● Work to be completed
Here the job is to copy the data exactly and to exclude every image from it.
(Recorded data)
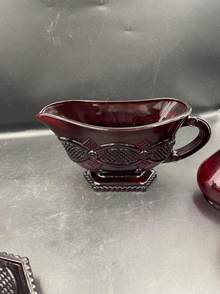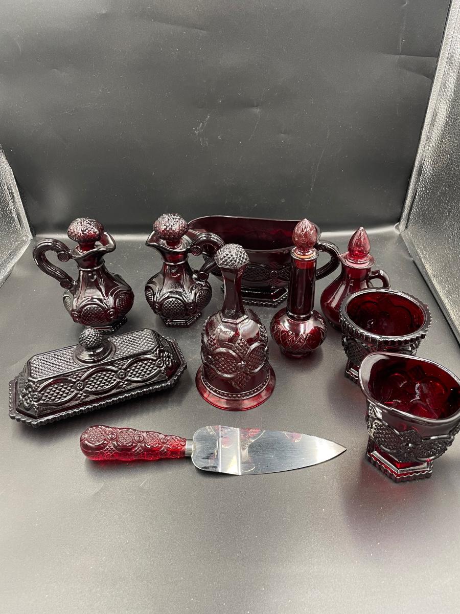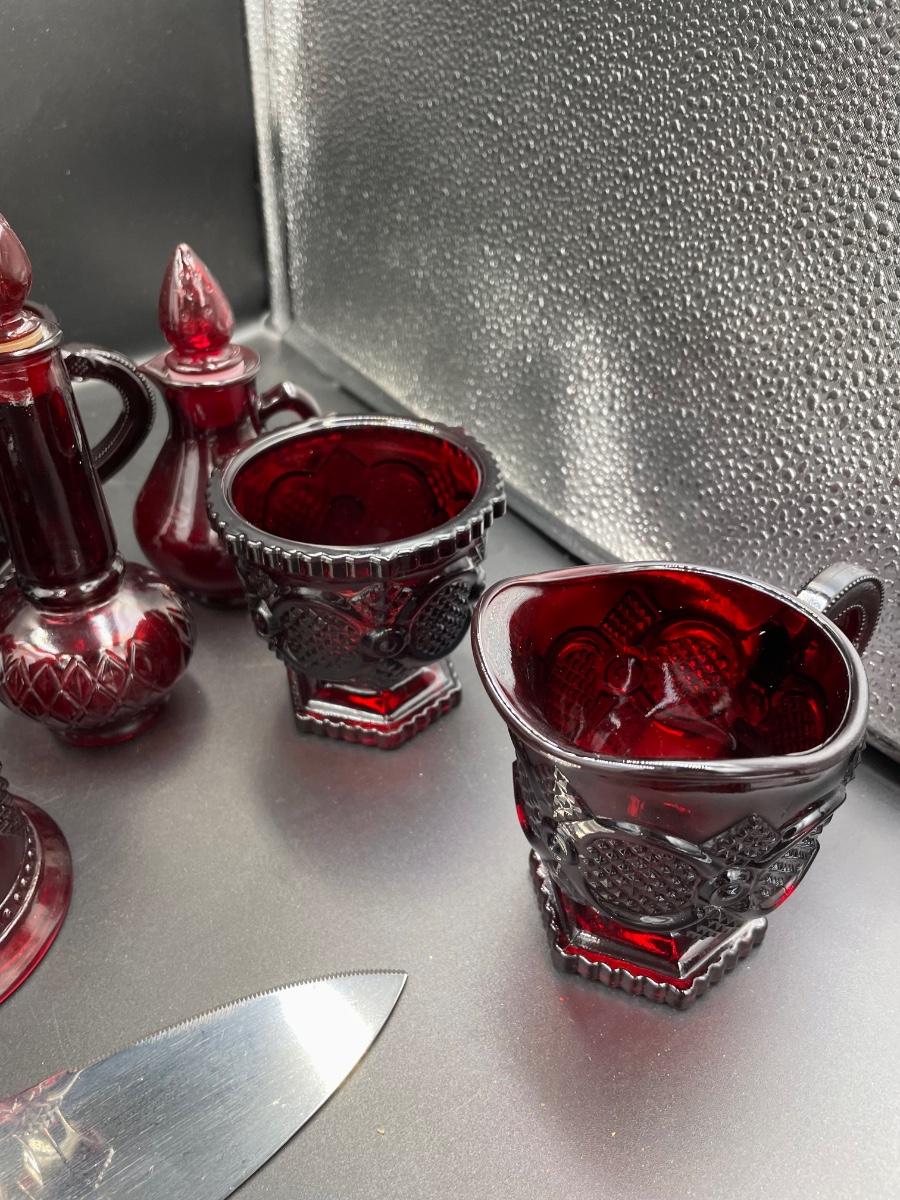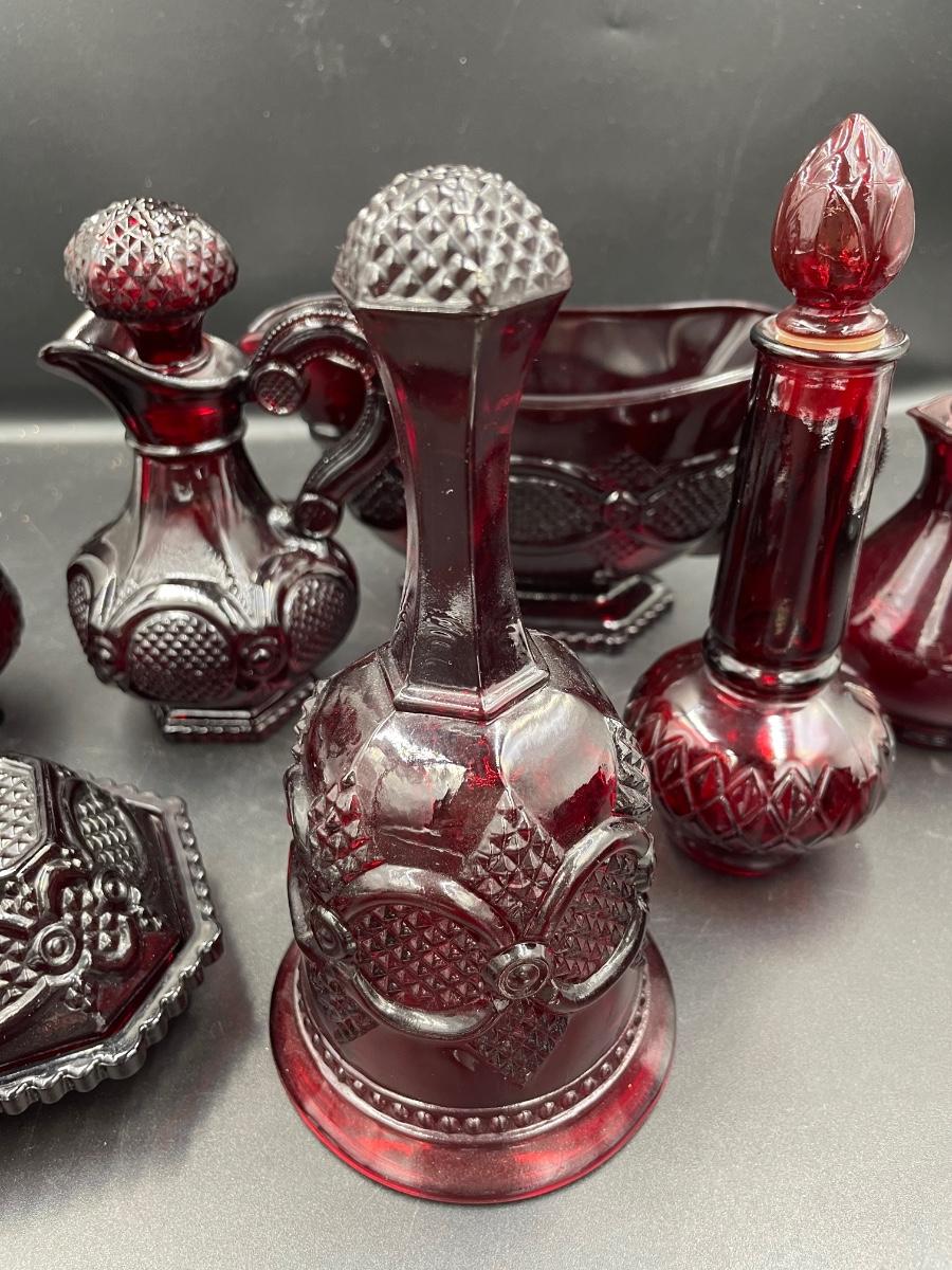 1 bell. 1vinegar cruet 1 creamer 1 sugar 1 Topaz cologne bottle
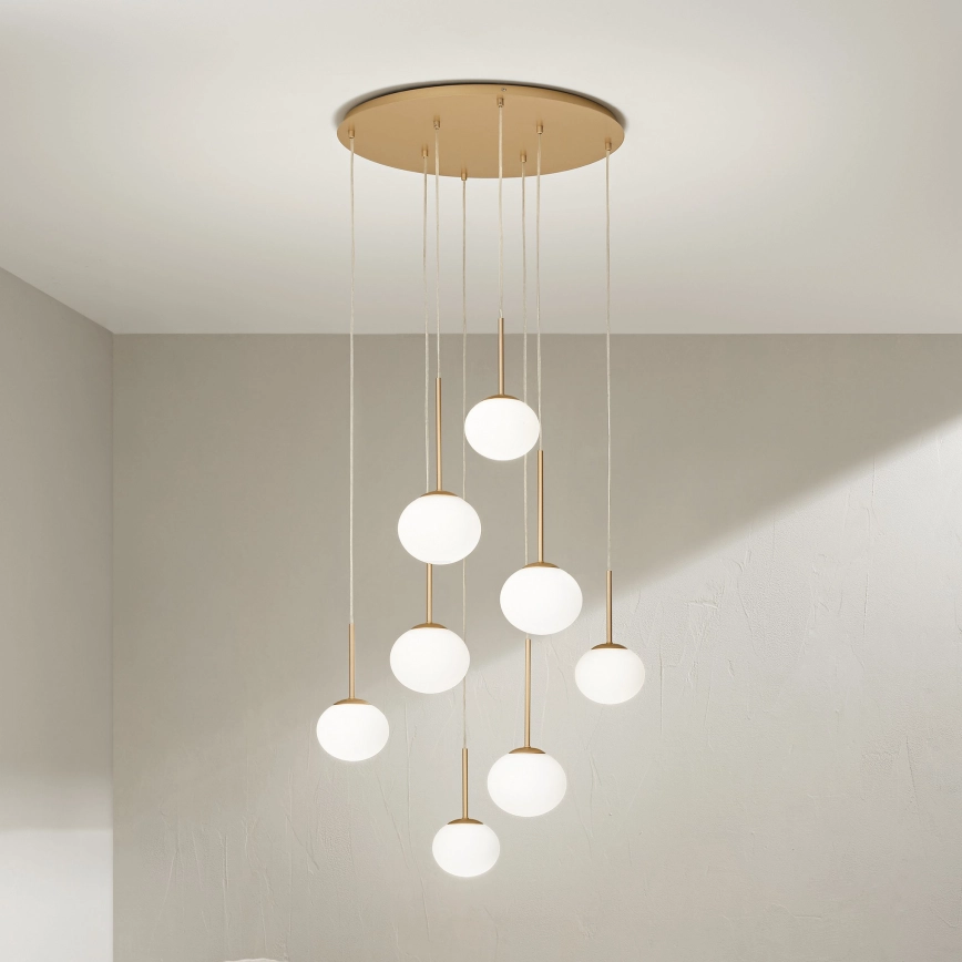 • Ondaluce - Полилей на кабел JEWEL 8xE14/10W/230V Ø 70 см златист/бял
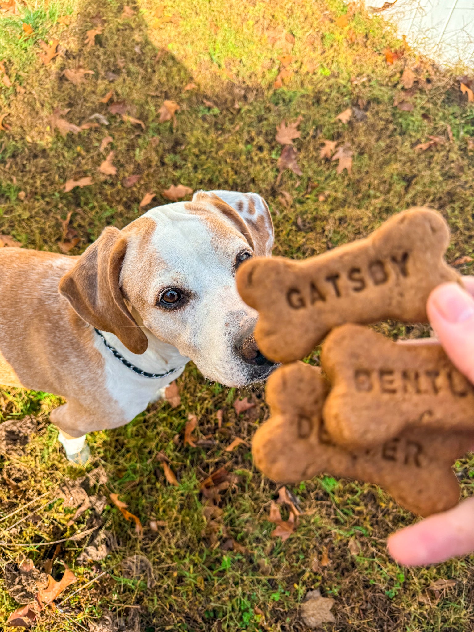 You asked, we listened! Our most popular peanut butter treats are now available personalized—perfect for welcoming a new pup, celebrating a birthday, or gifting at doggie parties.
(End Recorded data)
● Problem solution
 1 bell. 1vinegar cruet 1 creamer 1 sugar 1 Topaz cologne bottle
 • Ondaluce - Полилей на кабел JEWEL 8xE14/10W/230V Ø 70 см златист/бял
 You asked, we listened! Our most popular peanut butter treats are now available personalized—perfect for welcoming a new pup, celebrating a birthday, or gifting at doggie parties.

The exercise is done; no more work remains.